Note: Make sure to put the source code reMap/ (see Installing reMap) into the same directory as explained in the Download files section. Additionally, create a log/ and result/ folders (if you have not already created one during pathway prediction) in the same reMap_materials/ directory. The final structure should look like this:

reMap_materials/
	├── model/
        │       └── ...
	├── dataset/
        │       └── ...
	├── result/
        │       └── ...
	├── log/
        │       └── ...
	└── reMap/
                └── ...

For all experiments, using a terminal (On Linux and macOS) or an Anaconda command prompt (On Windows), navigate to the src/ folder in the reMap/ directory and then run the commands as shown in the Examples section of Preprocessing and Training .

To display reMap' running options use: python main.py --help. It should be self-contained.

Preprocessing

This step is crucial and only performed if users wish to build pathway groups centroids and to recover maximum expected pathways for each group. The outputs of this step are several supplemntary files that are required for transofrmation and training, such as "[FILENAME]_centroid.npz", "[DATANAME]_B.pkl" etc.

Input:

The input file used for preprocessing are:

phi.npz
sigma.npz
pathway2vec_embeddings.npz
hin.pkl
vocab.pkl

Command:

The basic command is represented below. Do not use this for preprocessing. This command is only a representation of all the flags used.
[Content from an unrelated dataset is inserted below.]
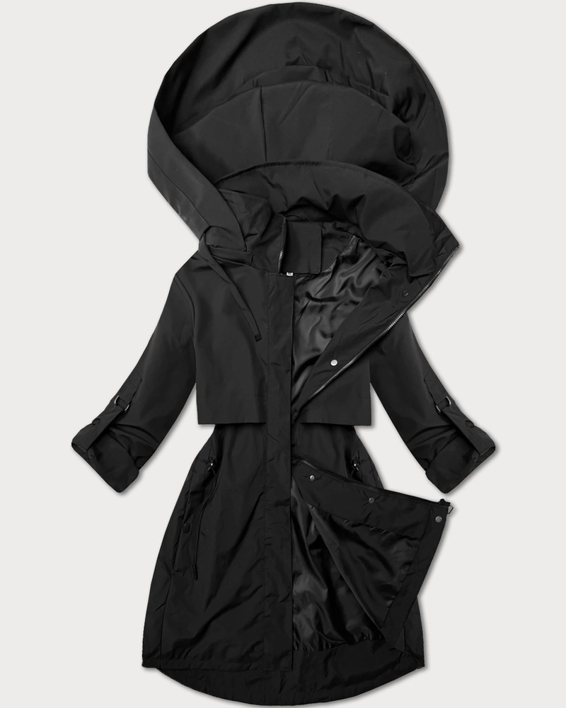 Czarna kapitalna damska kurtka przejściowa z podwijanymi rękawami
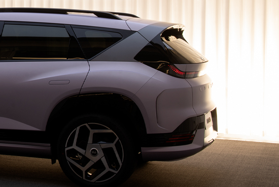 车身侧面采用溜背式设计,搭配双色车身与20英寸轮毂,运动氛围呼之欲出;隐藏式门把手的加入不仅提升了视觉简洁度,也有效降低了风阻。尾部方面,ELEXIO采用贯穿式尾灯设计,与前脸形成呼应,硕大的后包围造型动感十足,进一步凸显整车的年轻与运动气质。

See Example below on how to preprocess your datasets.

python main.py \
--define-bags \
--recover-max-bags \
--alpha 16 \
--top-k 90 \
--v-cos 0.1 \
--vocab-name "vocab.pkl" \
--bag-phi-name "phi.npz" \
--bag-sigma-name "sigma.npz" \
--hin-name "hin.pkl" \
--features-name "pathway2vec_embeddings.npz" \
--file-name "[input (or save) file name]" \
--y-name "[DATANAME]_y.pkl" \
--mdpath "[absolute path to the model directory (e.g. model)]" \
--dspath "[absolute path to the dataset directory (e.g. dataset)]" \

Argument descriptions:

The table below summarizes all the command-line arguments that are specific to this framework:

Argument name	Description	Value
--define-bags	Whether to construct pathway groups centroids	False
--recover-max-bags	Whether to recover the maximum number of pathway groups	False
--alpha	A hyper-parameter for controlling pathway groups centroids	16
--top-k	Top k pathways to be considered for each pathway group	90
--v-cos	A cutoff threshold for consine similarity	0.1
--vocab-name	A dictionary file representing pathway indices as keys and MetaCyc pathway ids as values	vocab.pkl
--bag-phi-name	The filename for pathways distribution over pathway groups	phi.npz
--bag-sigma-name	The filename for pathway groups covariance	sigma.npz
--hin-name	The heterogeneous information network file	hin.pkl
--features-name	The features corresponding ECs and pathways	pathway2vec_embeddings.npz
--y-name	The Input file name to be provided for preprocessing	[DATANAME]_y.pkl
--file-name	The names of input preprocessed files (without extension)	[input (or save) file name]
--mdpath	The path to the supplementary files	Outside source code
--dspath	The path to the datasets	Outside source code

Output:

The output files generated after running the command are:

File	Description
[DATANAME]_B.pkl	A matrix file (stored in the "dspath" location) representing information about organisms (or multi-organisms). Each row in this matrix represents an organism or multi-organisms and columns indicate EC number indices and embeddings.
M.pkl	A matrix file (stored in the "dspath" location) representing the pathway-enzyme association with possible missing links due to white noise. It contains 2526 pathway indices shown in the first column and 3650 enzymes (represented as EC numbers indices) in the remaining columns. The file representation is similar to `pathway2ec.pkl`.
A.pkl	A matrix file (stored in the "dspath" location) representing the pathway-pathway interaction. It contains 2526 pathway indices shown in the first column with their interactions (2526 pathway indices) in the remaining columns.
B.pkl	A matrix file (stored in the "dspath" location) representing the enzyme-enzyme interaction. It contains 3650 enzymes (represented as EC numbers indices) shown in the first column with their interactions (3650 EC numbers indices) in the remaining columns.
P.pkl	A matrix file (stored in the "dspath" location) representing the pathway features. It contains 2526 pathway indices shown in the first column and their 128 features in the remaining columns. The file representation is similar to `pathway2vec_embeddings.npz`.
E.pkl	A matrix file (stored in the "dspath" location) representing the enzyme features (represented as EC numbers indices). It contains 3650 EC numbers indices shown in the first column and their 128 features in the remaining columns. The file representation is similar to `pathway2vec_embeddings.npz`.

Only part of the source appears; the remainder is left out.